İzmir'deki nevruz kutlamaları Alsancak Gündoğdu Meydanı'nda yapıldı. Meydanın bulunduğu sokakları trafiğe kapatan polis, alana gelenleri kontrol noktalarındaki aramalardan sonra içeriye aldı. Kutlamaya gelenlerin belirlenen pankartlardan başkasını içeriye almalarına polis izin vermedi, el koydu.
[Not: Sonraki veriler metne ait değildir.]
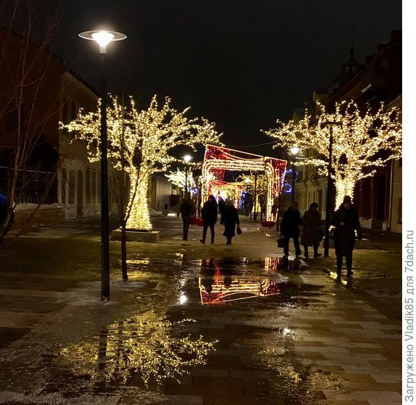 Здания на противоположной стороне улицы тоже красиво подсвечены...

Ayrıca yaklaşık 1500 polis de meydanın çevresinde ve belirlenene noktalarda sıkı önlem aldı, kuş uçurtmadı. Drone'la da kontroller yapıldı. Ayrıca Sahil Güvenlik Bölge Komutanlığı'na bağlı botlarla denizde önlem aldı. Polis helikopteri de havadan denetimlere katıldı. Alandakiler, PKK ve Abdullah Öcalan lehine slogan attıkları zaman kürsüdeki komitesi üyeleri sık sık uyardı.
NEVRUZ ATEŞİ YAKILDI
İzmir'deki nevruz kutlaması, HDP İzmir Milletvekili Ertuğrul Kürkçü ve parti yöneticilerinin, meydandaki ateşi yakmasıyla başladı. Halen tutuklu bulunan HDP eş genel başkanları Selahattin Demirtaş ile Figen Yüksekdağ'ın mesajlarını, HDP İzmir il eş başkanları Mahfuz Güleryüz ile Gülay Bilici okudu. 'Barış anneleri' adına Perihan Kortağ ve 2015 Kasım seçimlerinde İzmir'den milletvekili adayı olan Mülkiye Birtane'nin Kürtçe yaptığı konuşmadan sonra sanatçı İlkay Akkaya, sahne aldı. İlkay Akkaya, söylediği şarkılarla alandakileri coşturdu.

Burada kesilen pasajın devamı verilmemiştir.